◆ Source information
○ ○ ○ ○
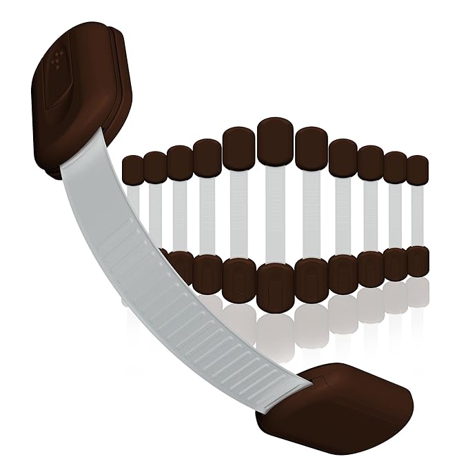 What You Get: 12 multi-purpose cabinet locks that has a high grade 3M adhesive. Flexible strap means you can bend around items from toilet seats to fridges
○ ○ ○ ○
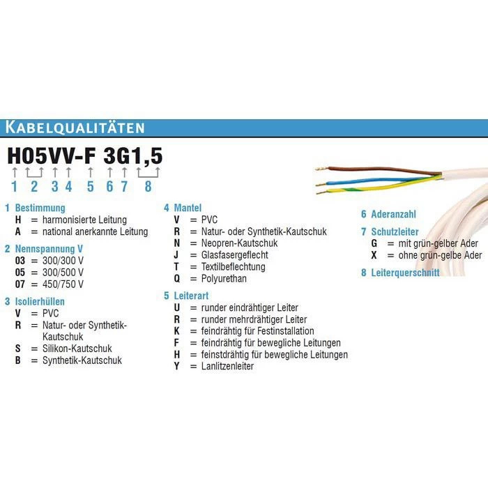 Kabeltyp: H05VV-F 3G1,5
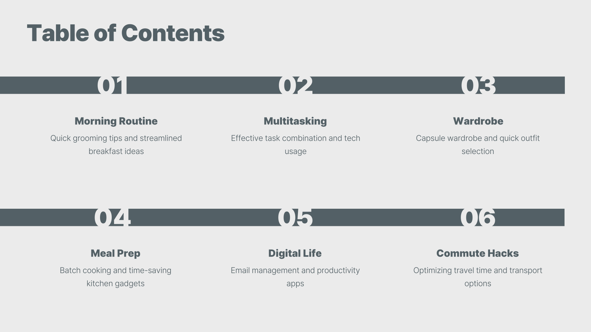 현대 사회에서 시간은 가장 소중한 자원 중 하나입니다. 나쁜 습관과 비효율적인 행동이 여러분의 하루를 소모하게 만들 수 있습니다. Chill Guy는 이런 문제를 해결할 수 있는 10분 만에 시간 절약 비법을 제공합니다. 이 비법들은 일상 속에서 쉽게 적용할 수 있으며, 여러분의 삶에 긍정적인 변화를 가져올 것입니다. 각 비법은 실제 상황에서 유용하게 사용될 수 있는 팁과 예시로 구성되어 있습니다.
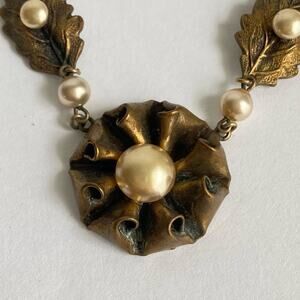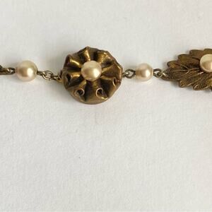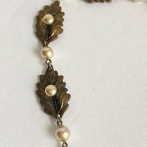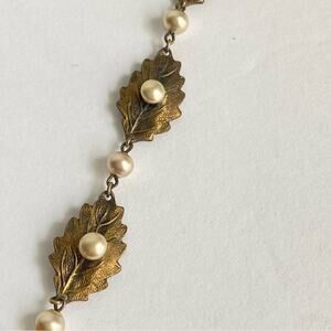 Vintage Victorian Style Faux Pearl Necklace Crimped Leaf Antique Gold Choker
○ ○ ○ ○
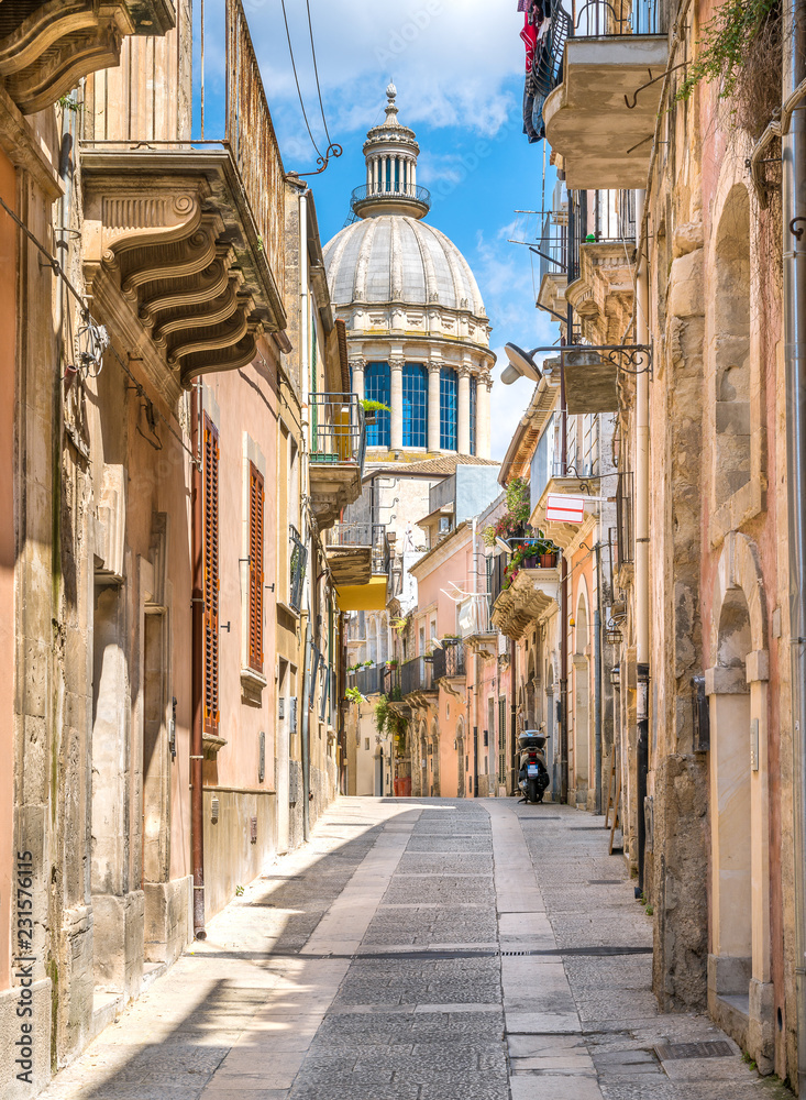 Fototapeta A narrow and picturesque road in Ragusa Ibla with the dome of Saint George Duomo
○ ○ ○ ○
◆ Work required
Although the records above contain pictures, the copy should not; retype exactly the lines from the one containing "현대 사회에서 시간은" through the one containing "Vintage Victorian Style".

◆ Exercise response
 현대 사회에서 시간은 가장 소중한 자원 중 하나입니다. 나쁜 습관과 비효율적인 행동이 여러분의 하루를 소모하게 만들 수 있습니다. Chill Guy는 이런 문제를 해결할 수 있는 10분 만에 시간 절약 비법을 제공합니다. 이 비법들은 일상 속에서 쉽게 적용할 수 있으며, 여러분의 삶에 긍정적인 변화를 가져올 것입니다. 각 비법은 실제 상황에서 유용하게 사용될 수 있는 팁과 예시로 구성되어 있습니다.
 Vintage Victorian Style Faux Pearl Necklace Crimped Leaf Antique Gold Choker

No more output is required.